Now you are really going down a very slippery slope. My personal experience was in Roxbury/Mattapan if you must know. From people sleeping to overdosing in bus shelters. I saw dead bodies in the street in Egleston Square. So should the T build really nice shelters in Brookline and Newton because the people there are "different"? Seriously? Simply can't do that now can you?

To bring this back to the Greenline Extension, perhaps if the stations were "paywalled" (with turnstiles/faregates) the shelters could have been more user-friendly. I don't know if anything has changed but the last I heard the stations are going to be free access and that will bring the problems.
 
Now you are really going down a very slippery slope. My personal experience was in Roxbury/Mattapan if you must know. From people sleeping to overdosing in bus shelters. I saw dead bodies in the street in Egleston Square. So should the T build really nice shelters in Brookline and Newton because the people there are "different"? Seriously? Simply can't do that now can you?

To bring this back to the Greenline Extension, perhaps if the stations were "paywalled" (with turnstiles/faregates) the shelters could have been more user-friendly.

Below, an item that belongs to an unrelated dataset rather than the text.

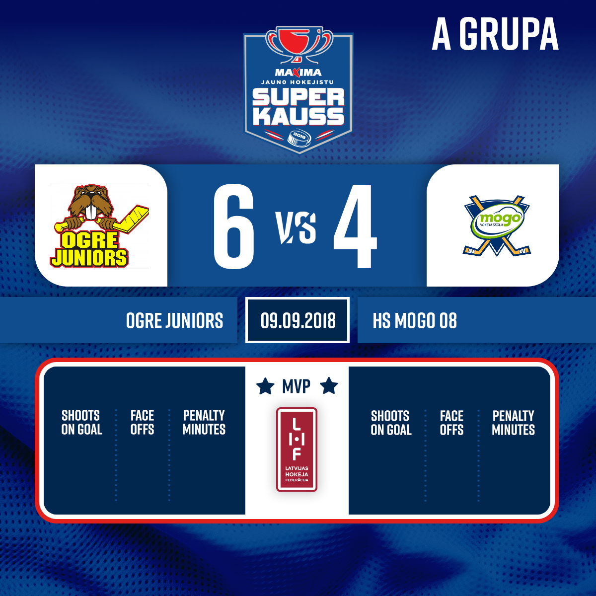 - 30:19P3Goal#17 Kristaps KATKOVSKISAssists: #35 Maksims MOROZOVS, #33 Deivids GINZBURGS

I don't know if anything has changed but the last I heard the stations are going to be free access and that will bring the problems.


....and, by the way, in Newton and Brookline, if you had the shelter shown in the Seoul pic plunked down there, there would also be plenty of people making that their home. Yes, even Newton and Brookline.

Let's just get good fully covered open air shelters without stupid open/inverted roofs.